* ASSIGNED TASK *
Could you set down the lines from the first line of the entries below through the line with "Σας προσκαλούμε να", exactly and with no pictures?

(SOURCE RECORDS)

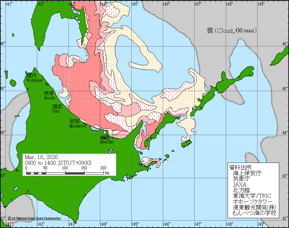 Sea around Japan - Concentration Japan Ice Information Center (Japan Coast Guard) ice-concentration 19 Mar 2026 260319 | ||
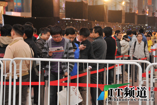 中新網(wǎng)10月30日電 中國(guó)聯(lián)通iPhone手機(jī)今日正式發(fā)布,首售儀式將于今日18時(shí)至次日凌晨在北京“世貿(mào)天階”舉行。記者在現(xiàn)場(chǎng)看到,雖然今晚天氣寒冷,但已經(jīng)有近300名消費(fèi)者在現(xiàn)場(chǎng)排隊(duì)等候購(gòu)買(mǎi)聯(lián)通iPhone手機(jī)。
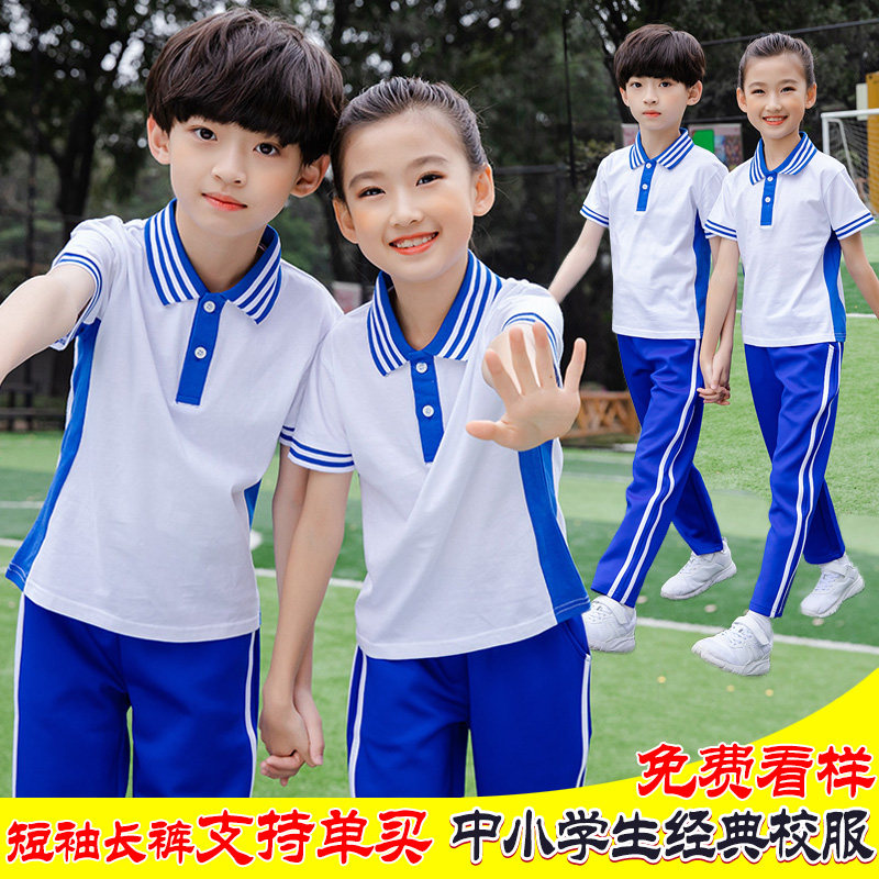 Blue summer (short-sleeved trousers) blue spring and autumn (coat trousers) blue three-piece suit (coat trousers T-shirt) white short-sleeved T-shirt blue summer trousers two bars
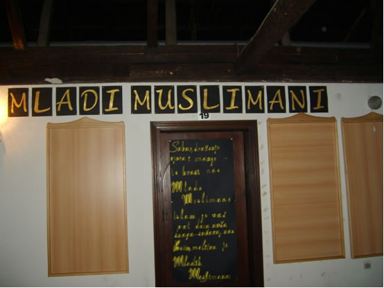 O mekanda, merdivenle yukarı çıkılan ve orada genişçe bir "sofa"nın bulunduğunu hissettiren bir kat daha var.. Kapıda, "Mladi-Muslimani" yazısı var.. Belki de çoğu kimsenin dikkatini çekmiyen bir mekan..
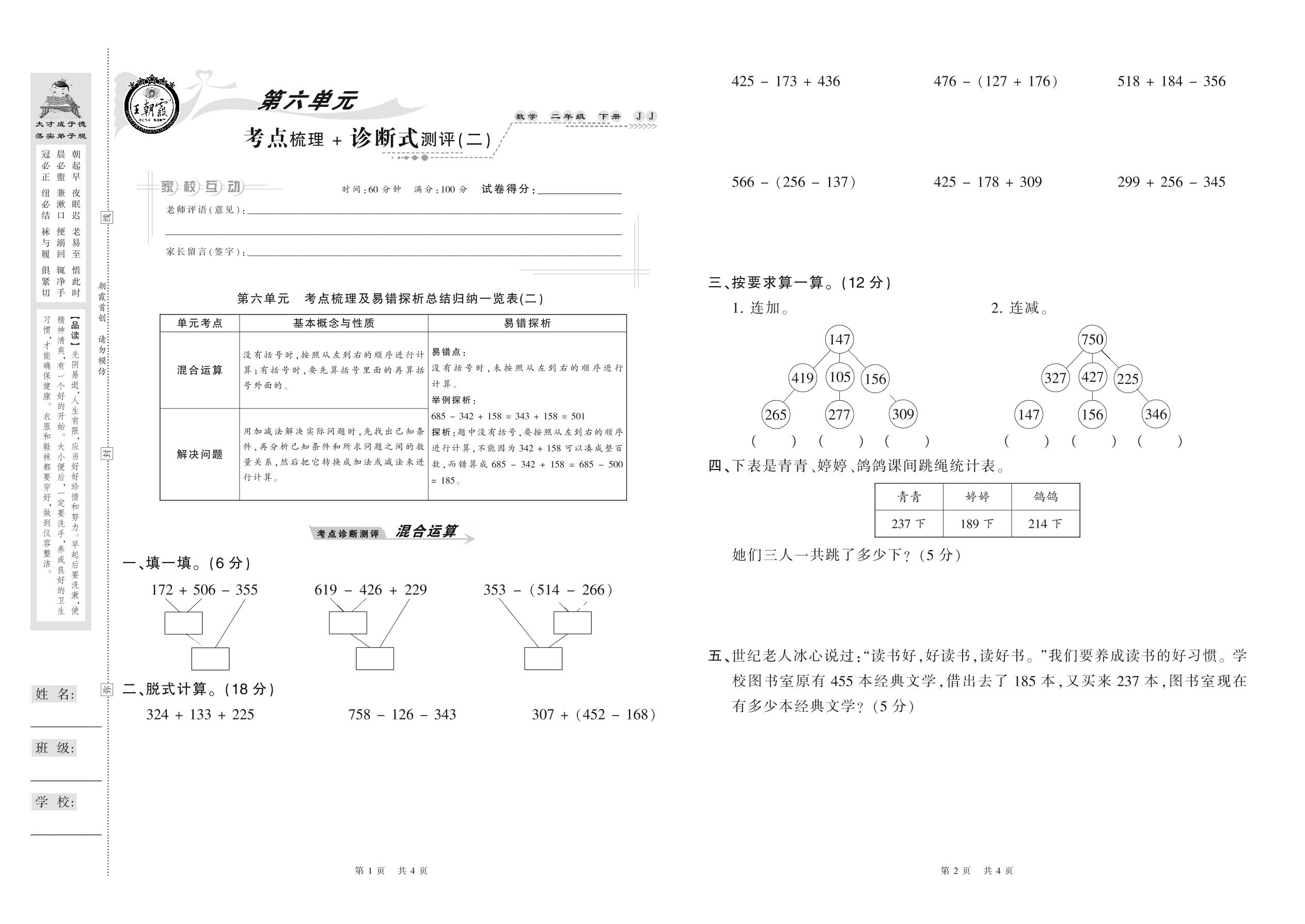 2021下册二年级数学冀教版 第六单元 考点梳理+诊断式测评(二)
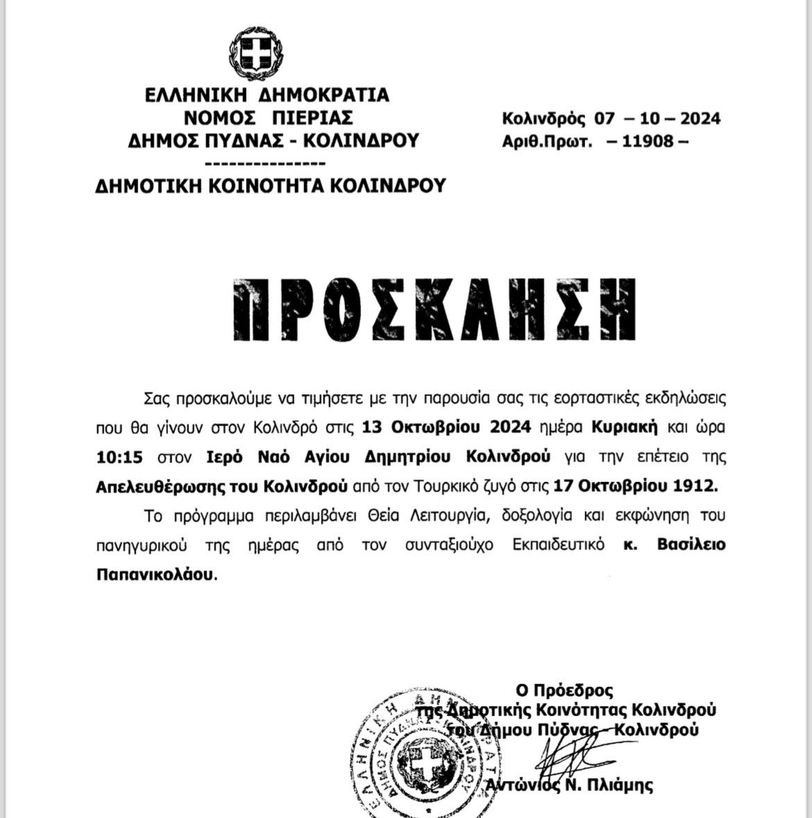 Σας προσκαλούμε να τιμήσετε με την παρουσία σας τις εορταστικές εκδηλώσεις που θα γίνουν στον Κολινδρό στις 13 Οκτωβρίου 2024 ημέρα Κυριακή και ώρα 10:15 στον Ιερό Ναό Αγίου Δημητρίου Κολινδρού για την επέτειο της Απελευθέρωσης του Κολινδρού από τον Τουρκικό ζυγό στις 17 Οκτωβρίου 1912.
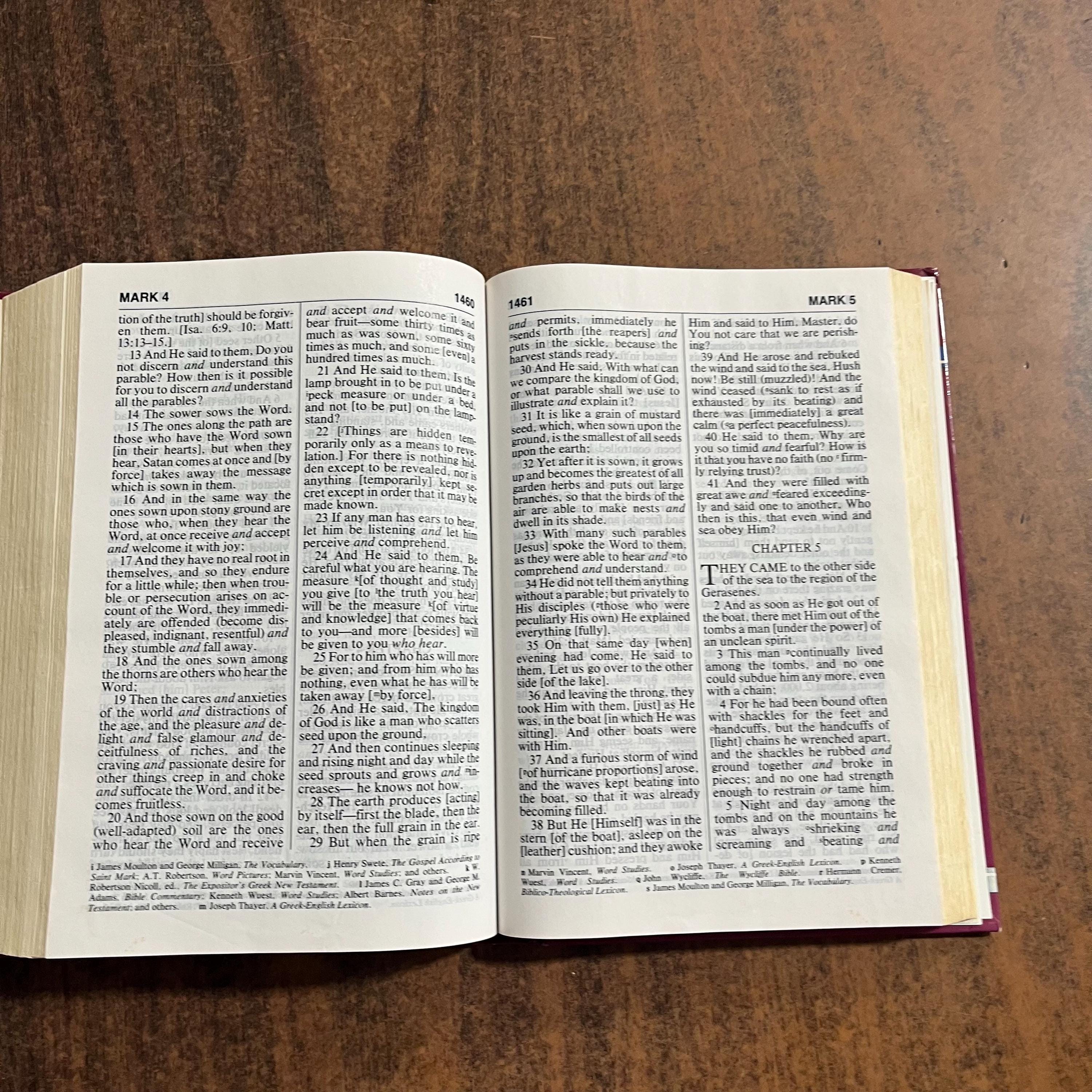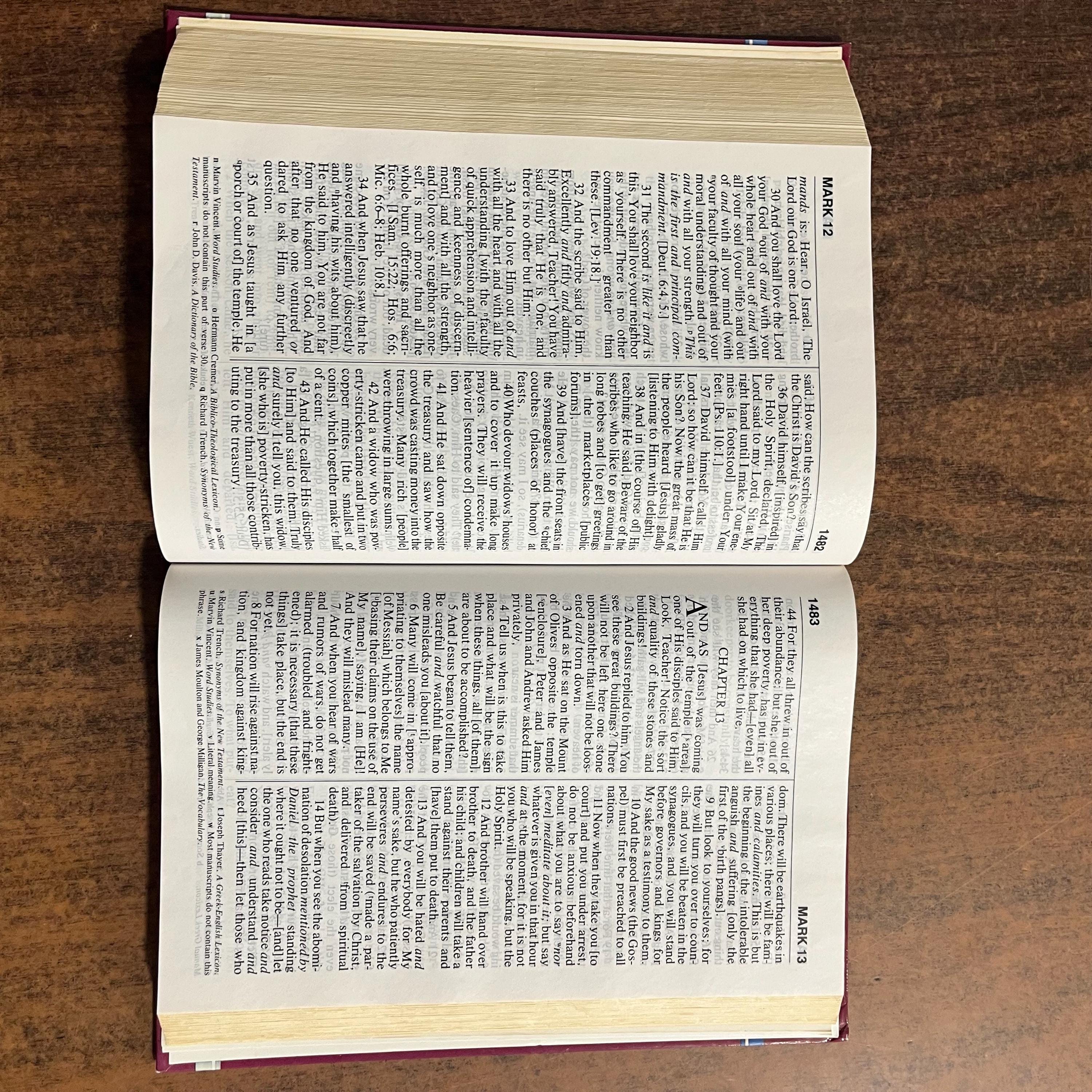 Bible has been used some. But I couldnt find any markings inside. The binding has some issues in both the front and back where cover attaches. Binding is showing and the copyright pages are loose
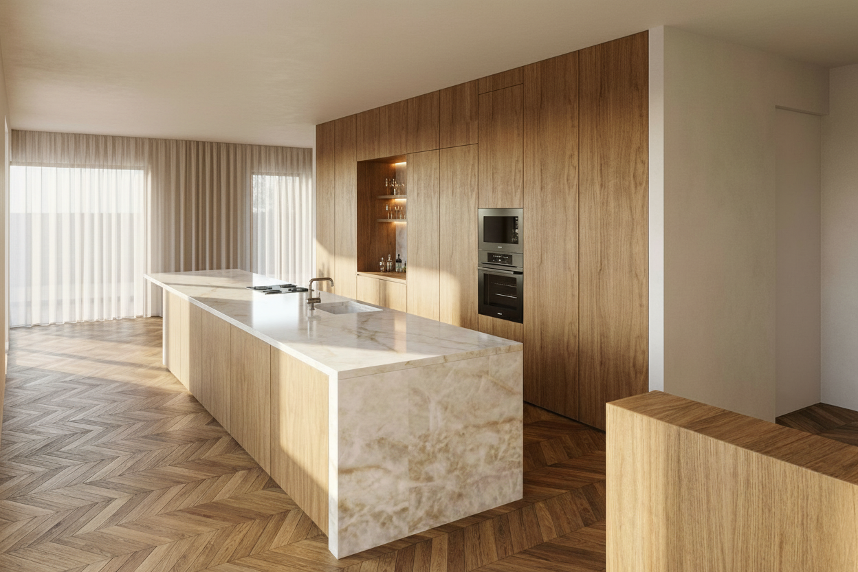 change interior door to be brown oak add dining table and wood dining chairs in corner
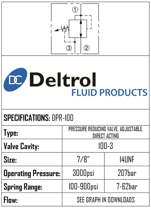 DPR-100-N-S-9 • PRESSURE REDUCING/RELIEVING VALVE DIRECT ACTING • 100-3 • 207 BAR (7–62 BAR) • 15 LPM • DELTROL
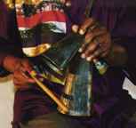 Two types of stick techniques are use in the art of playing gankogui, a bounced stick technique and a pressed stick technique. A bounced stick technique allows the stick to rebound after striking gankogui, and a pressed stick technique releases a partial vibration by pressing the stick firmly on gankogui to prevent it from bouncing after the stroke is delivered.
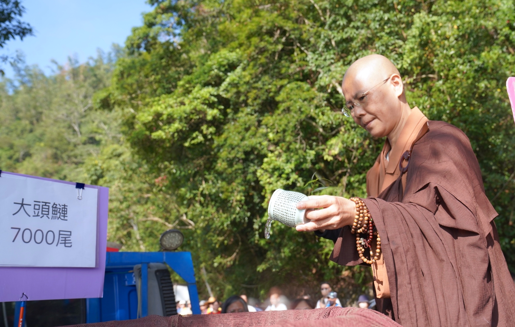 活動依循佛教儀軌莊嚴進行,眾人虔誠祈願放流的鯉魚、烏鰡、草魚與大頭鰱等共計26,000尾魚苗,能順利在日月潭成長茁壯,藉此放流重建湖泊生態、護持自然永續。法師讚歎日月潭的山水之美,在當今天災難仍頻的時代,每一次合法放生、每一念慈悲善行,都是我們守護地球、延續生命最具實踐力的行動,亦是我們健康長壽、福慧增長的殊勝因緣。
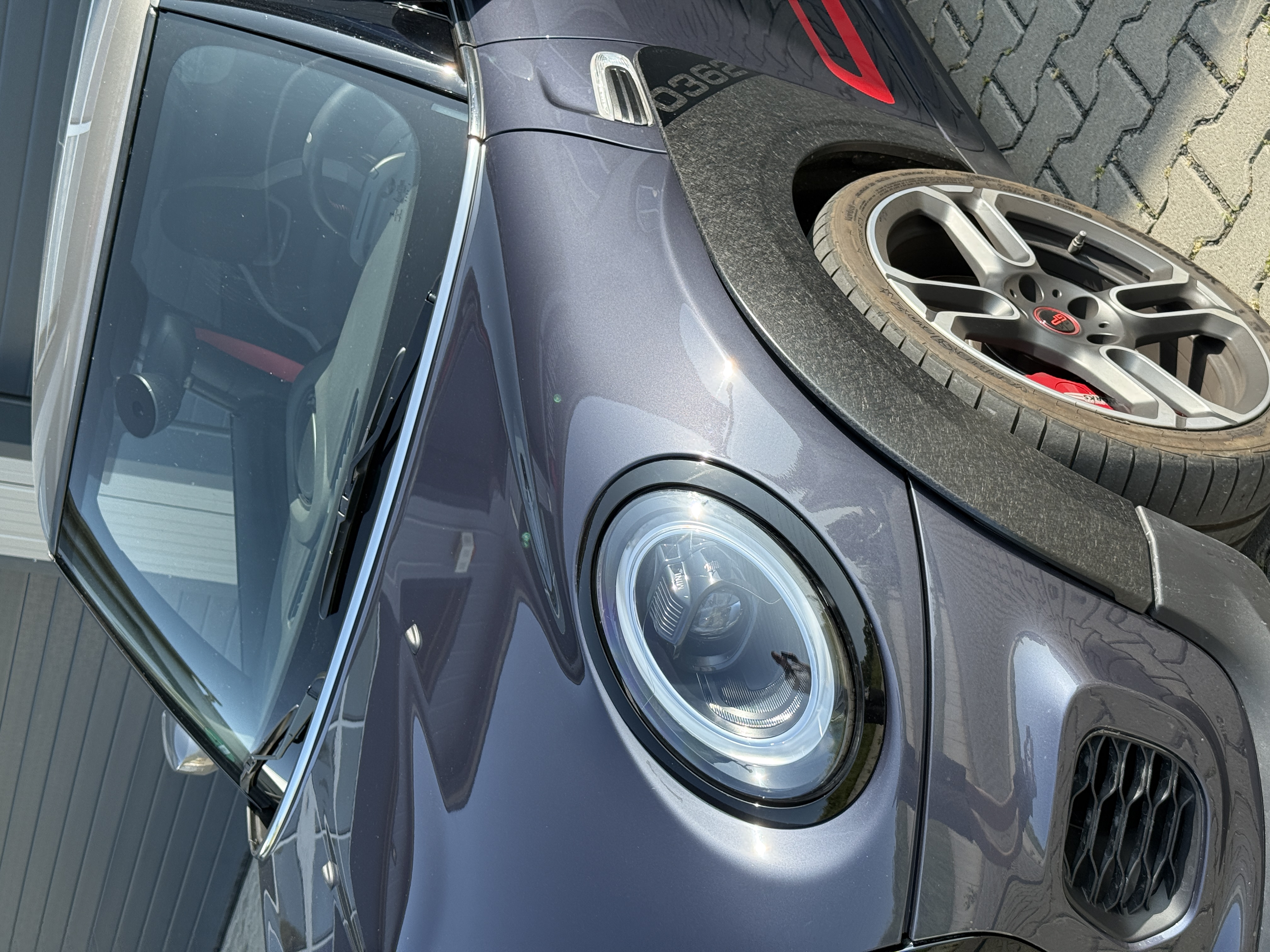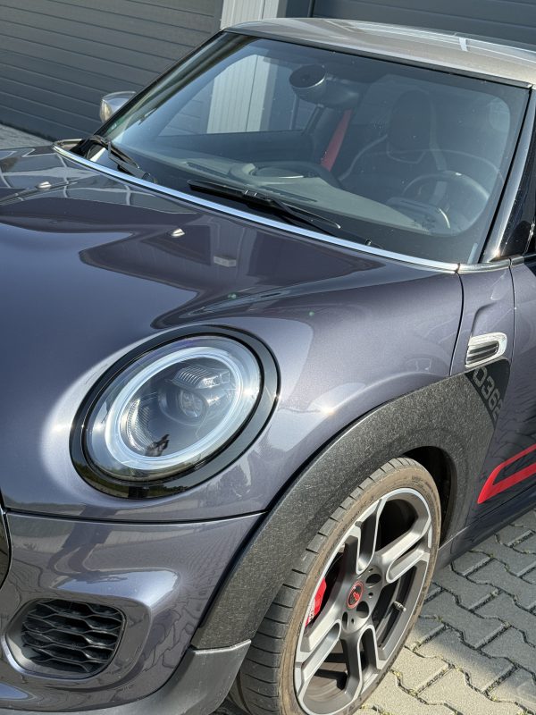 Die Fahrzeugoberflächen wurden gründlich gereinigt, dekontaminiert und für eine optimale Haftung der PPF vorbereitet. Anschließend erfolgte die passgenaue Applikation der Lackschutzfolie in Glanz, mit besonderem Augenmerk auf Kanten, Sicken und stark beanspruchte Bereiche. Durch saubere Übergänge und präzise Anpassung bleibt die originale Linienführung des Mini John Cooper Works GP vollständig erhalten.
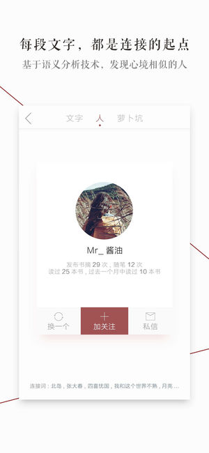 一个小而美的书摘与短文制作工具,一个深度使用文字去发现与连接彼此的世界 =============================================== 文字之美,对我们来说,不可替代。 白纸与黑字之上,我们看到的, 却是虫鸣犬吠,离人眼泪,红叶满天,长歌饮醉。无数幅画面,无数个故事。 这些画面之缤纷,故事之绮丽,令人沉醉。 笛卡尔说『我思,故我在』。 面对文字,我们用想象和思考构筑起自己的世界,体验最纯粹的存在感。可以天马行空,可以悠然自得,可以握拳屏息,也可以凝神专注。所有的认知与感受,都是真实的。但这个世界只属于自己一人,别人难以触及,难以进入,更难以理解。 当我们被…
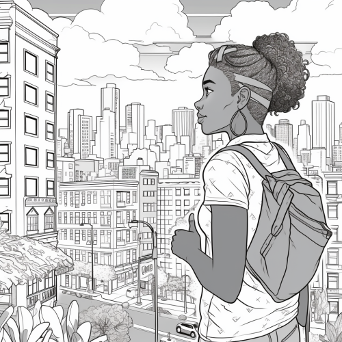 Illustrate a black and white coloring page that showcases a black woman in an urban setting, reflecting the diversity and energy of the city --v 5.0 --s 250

(End SOURCE RECORDS)

* SOLUTION TO THIS EXERCISE *
 Sea around Japan - Concentration Japan Ice Information Center (Japan Coast Guard) ice-concentration 19 Mar 2026 260319 | ||
 中新網(wǎng)10月30日電 中國(guó)聯(lián)通iPhone手機(jī)今日正式發(fā)布,首售儀式將于今日18時(shí)至次日凌晨在北京“世貿(mào)天階”舉行。記者在現(xiàn)場(chǎng)看到,雖然今晚天氣寒冷,但已經(jīng)有近300名消費(fèi)者在現(xiàn)場(chǎng)排隊(duì)等候購(gòu)買(mǎi)聯(lián)通iPhone手機(jī)。
 Blue summer (short-sleeved trousers) blue spring and autumn (coat trousers) blue three-piece suit (coat trousers T-shirt) white short-sleeved T-shirt blue summer trousers two bars
 O mekanda, merdivenle yukarı çıkılan ve orada genişçe bir "sofa"nın bulunduğunu hissettiren bir kat daha var.. Kapıda, "Mladi-Muslimani" yazısı var.. Belki de çoğu kimsenin dikkatini çekmiyen bir mekan..
 2021下册二年级数学冀教版 第六单元 考点梳理+诊断式测评(二)
 Σας προσκαλούμε να τιμήσετε με την παρουσία σας τις εορταστικές εκδηλώσεις που θα γίνουν στον Κολινδρό στις 13 Οκτωβρίου 2024 ημέρα Κυριακή και ώρα 10:15 στον Ιερό Ναό Αγίου Δημητρίου Κολινδρού για την επέτειο της Απελευθέρωσης του Κολινδρού από τον Τουρκικό ζυγό στις 17 Οκτωβρίου 1912.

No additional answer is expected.